● Exercise aim: From the line with "Stir-fried rice with" to the line with "(一)在本人执业药师继续教育", retype each line exactly as it stands in the records below, but skip the pictures.

● Data provided:
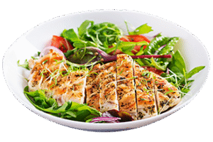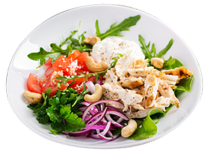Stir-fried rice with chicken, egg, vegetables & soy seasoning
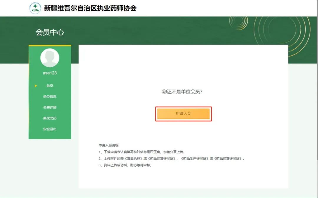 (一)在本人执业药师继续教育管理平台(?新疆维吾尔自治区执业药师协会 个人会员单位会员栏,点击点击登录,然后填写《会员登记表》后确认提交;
==
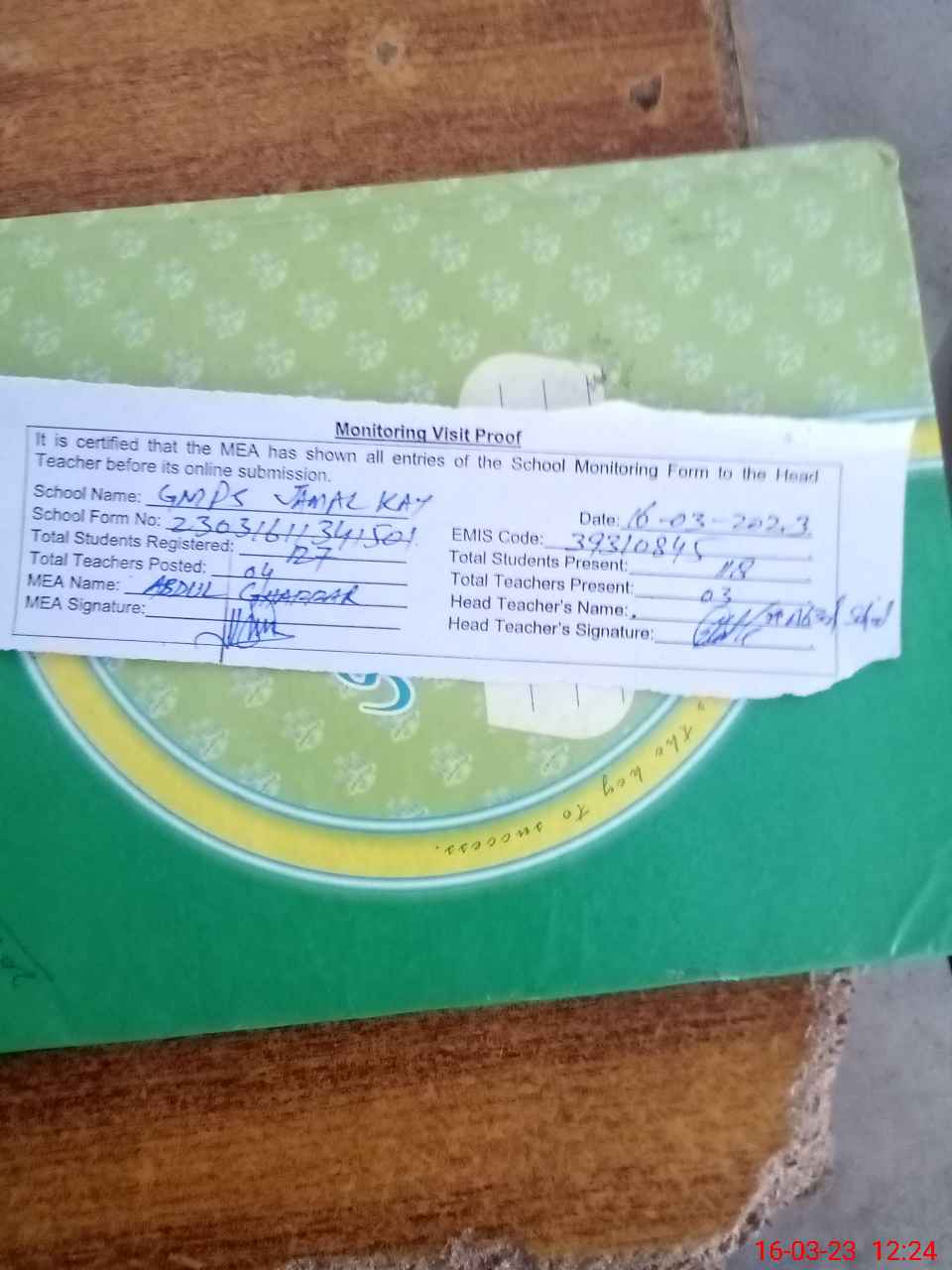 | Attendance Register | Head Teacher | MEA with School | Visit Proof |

● Output for this task:
Stir-fried rice with chicken, egg, vegetables & soy seasoning
 (一)在本人执业药师继续教育管理平台(?新疆维吾尔自治区执业药师协会 个人会员单位会员栏,点击点击登录,然后填写《会员登记表》后确认提交;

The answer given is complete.